After years of planning, the award-winning local pizzeria is bringing their “authentic NY-style pizza by the slice or pie” to North Central Austin. The new North Loop location combines several beloved features of the original Home Slice and its More Home Slice annex, including full-service dine-in, patio seating, and indoor and outdoor bar seating, all under the same roof. The new location also includes a dedicated take-out window and counter service for picking up pies on the go—similar to the More Home Slice space at the original South Congress location.
The new Home Slice was designed in partnership with the Austin-based Michael Hsu Office of Architecture, Home Slice founders Jen Scoville Strickland, Joseph Strickland, and Terri Hannifin-Buis, along with partners and longtime employees Nano Whitman, Jeff Mettler, and Adam Cooper. The new 4,000+ sq. ft. dining space draws inspiration from the coziest classic Italian restaurants, the glitziest Long Island banquet halls, and the infamous pre-Giuliani years of New York City that bred the art, music, and street cred culture that the partners find so inspirational.

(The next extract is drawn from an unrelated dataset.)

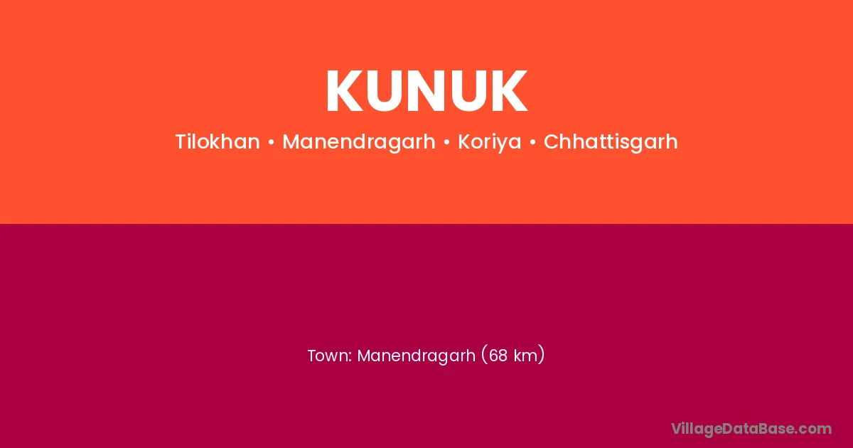 Manendragarh (68 km) is the nearest town to Kunuk village for major economic activities and is located approximately 68 km away.

The new restaurant space is just as inviting as the South Congress location, and the attention to detail that patrons have come to know and love is present in spades, visible even before entering. The aged brick exterior of the original building was kept intact and enhanced with retro awnings, while painted light fixtures and neon-lighted sequined signage built by Evan Voyles announce the 70s/80s vibe. The fun continues inside with the faux-fancy host area: flocked red velvety wallpaper, Roman columns, and a chandelier fashioned from grape swag light fixtures share space with an illuminated ceiling dome where NYC’s red-bereted Guardian Angels, painted by Abraham Mong, oversee everyone’s safety. The restaurant’s dark walnut bar and black tin ceiling invite for a drink or dinner, while antique brass peacock screens on shelves above shine atmospheric light below. The dining area is all red upholstered booths and banquettes, cozy seating, amid dimly lit red-checkered tables. Timeless oak paneling and vintage gilt mirrors along the west wall combined with a “left-behind” crystal chandelier suggest an earlier incarnation of fine dining in the space, while a large mural of an Italian countryside defaced with street art painted by Rory Skagen keeps things offbeat and entertaining. Local artists Niz, Cody Waker, Gary Green, Tony Romano, Laurie Mann, and Daniel Burns, among others, also contributed to the interior.
The outside space at the new Home Slice is also inviting. The outdoor patio brings customers metaphorically into the street underneath NYC sidewalk scaffolding and features comfortable banquet seating, a full-service bar with tiling reminiscent of a 70’s t-shirt, and, adjacent to the bar, an unusual landscape designed to tickle all ages.
Expanded offerings at the North Loop location include a full bar with a cocktail program founded on the same authenticity, lack of pretension, and focus on genuinely friendly service that guides the company’s approach to pizza. The carefully curated spirit list was built to support the creation of classic drinks from various eras and also features some specially chosen vermouths and amaros. Drinks like the “Soul Fashioned,” “Negroni Danza,” and “It’s Aperol Good,” among others, are rooted in old-school New York and Italy but shout out to Home Slice’s playfully irreverent style. In addition to cocktails, the draft beer offerings will be expanding to include a rotating local tap in addition to offering Peroni—Italy’s best-selling lager—on draft. As for vino, Home Slice will continue to pour only carefully chosen, affordable Italian boutique wines by the glass, bottle, and carafe.
Exclusive to the new North Loop location, Home Slice is also expanding its menu to include Buffalo wings, another East Coast comfort food that, like pizza, invites passionate debate among fans. The North Loop location will also offer the specialty Sicilian square pie six-days-a-week, each night until it runs out.